Namespace denotes the collection to which a given project belongs. For example, namespaces might be "aiddata" for aiddata.org, "malawi" for Malawi-AMP projects, or "mbdc" for media-based data collection projects.

	class Namespace
		include DataMapper::Resource
		property :name, String, key: true

		has n, :projects

		def to_json
			json = "{ 
					\"type\": \"namespace\", 
					\"key\" :  \"#{name}\",
					\"name\" :  \"#{name}\", 
					\"project_count\" : #{projects.count} 
				}"
		end
	end

Permissions

Any user may GET a resource, but any idempotent request must pass authentication (also known to AidData FS).

	def protected!
		unless authorized?
			p "Unauthorized request."
			response['WWW-Authenticate'] = %(Basic realm="AidDataFS")
			throw(:halt, [401, "Not authorized\n"])
		end
	end

	def authorized?
		@auth ||=  Rack::Auth::Basic::Request.new(request.env)
		@auth.provided? && @auth.basic? && @auth.credentials && @auth.credentials == AUTH_PAIR
	end

Project

Project denotes the actual activity in the given namespace. It likely has an instance in a particular database or dataset, such as AidData.org or the Malawi geocoded dataset.

	class Project
		include DataMapper::Resource
		property :id, String, key: true
		property :namespace_name, String, key: true

		belongs_to :namespace
		has n, :links
		has n, :documents, through: :links

		def to_json
			json = "{
					\"type\": \"project\",
					\"key\" :  \"#{id}\",
					\"name\" : \"#{id}\",
					\"id\" :  \"#{id}\", 
					\"document_count\" : #{documents.count} }"
		end
	end

Document

Link is what actually appears inside a project's folder. It's a reference to the underlying document:

	class Link
		include DataMapper::Resource
		property :id, Serial
		property :document_pk, Integer, index: true

		belongs_to :project
		belongs_to :document

		def link_json
			json = "{\"type\": \"link\", 
					\"project_id\" :  \"#{project.id}\", 
					\"document_id\" : #{document.pk}, 
					\"document\" : \"#{document.to_json}\" }"
		end

		def to_json
			# vv This is what matters! vv
			document.to_json
		end
	end

Document is the reference to the file.
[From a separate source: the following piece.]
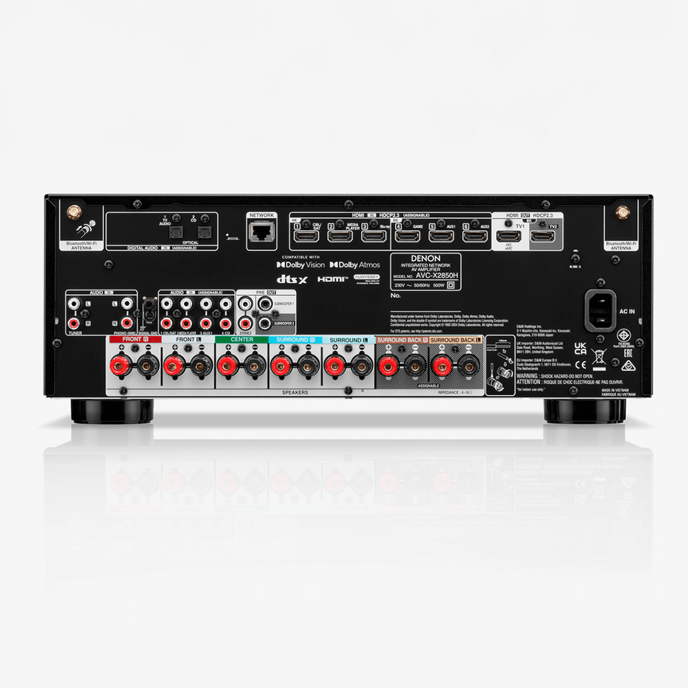 Denon AVC-X2850H sopii kotiteatteriin, pelihuoneeseen ja moni­huonejärjestelmään – kaikki viimeisimmät liitännät ja tuki valmiina.

It serves up a data uri in the Document#icon method.

	class Document
		include DataMapper::Resource
		
		require 'digest/md5'

		property :pk, Serial 
		# property :id, Integer #not really a pk, because doc can change versions.
		property :md5, String
		property :url, Text
		property :size_in_kb, Integer
		property :type, Text, default: lambda { |r, p| File.extname(r.name).gsub(/\./, '').downcase  }
		property :name, Text

		def icon

			if %w{doc docx xml odt }.include? type 
				ICONS["doc"]
			elsif %w{png jpg jpeg gif bmp tiff svg}.include? type
				ICONS["graphic"]
			elsif %w{mp3 wav aac}.include? type
				ICONS["sound"]
			elsif %w{xls xlsx csv tsv tab ods}.include? type
				ICONS["xls"]
			elsif %w{ppt pptx odp}.include? type
				ICONS["ppt"]
			elsif %w{zip gz 7z}.include? type
				ICONS["zip"]
			elsif %w{pdf}.include? type
				ICONS["pdf"]
			elsif %{html}.include? type
				ICONS["html"]
			else 
				ICONS["txt"]
			end
		end

		def to_json
			json = "{ 
					\"type\" : \"document\",
					\"name\" : \"#{name}\", 
					\"key\" : \"#{pk}\", 
					\"size_in_kb\" : #{size_in_kb},
					\"filetype\" : \"#{type}\",
					\"md5\" : \"#{ md5}\",	
					\"path\" : \"/documents/#{pk}\",
					\"icon\" : \"#{icon}\" 
				}"
		end
	end

	DataMapper.finalize.auto_upgrade!


	get "/" do
		haml :browse
	end

API

JSON API is powered by the models' :to_json method, which allows really simple navigation.

	
	def returns_json
		content_type :json
	end

	def locate(location, contents=nil)
		# location: string OR obj that responds to to_json
		# contents: array with objs that respond to :to_json
		if location.respond_to? :to_json
			location = location.to_json
		else
			location = "\"#{location}\""
		end

		vals = ["\"location\" : #{location}"]
		
		if contents
			vals.push "\"contents\" : [#{contents.map{|c| c.to_json}.join ", "}]"
		end

		"{ #{ vals.join ", "}}"
	end

Namespace

URL: /:namespace

  • POST a new name to / to create a new namespace.
  • GETting the namespace path (eg /mbdc) responds with a project manifest.
	
	get "/#{FILESYSTEM_ROOT}" do

		returns_json
		locate "root", Namespace.all
	end

	post "/#{FILESYSTEM_ROOT}" do
		
		protected!
		
		n = Namespace.new(name: params[:name])
		if n.save
			n.to_json
		else
			p n.errors
			NOT_SAVED
		end
	end	

	get "/#{FILESYSTEM_ROOT}/:namespace" do

		returns_json 

		if n = Namespace.get(params[:namespace])
			locate n.name, n.projects
		else
			NOT_FOUND
		end
	end

Projects

Create it by posting its project_id to its namespace:

	post "/#{FILESYSTEM_ROOT}/:namespace" do

		protected! 

		
		
		if n = Namespace.get(params[:namespace])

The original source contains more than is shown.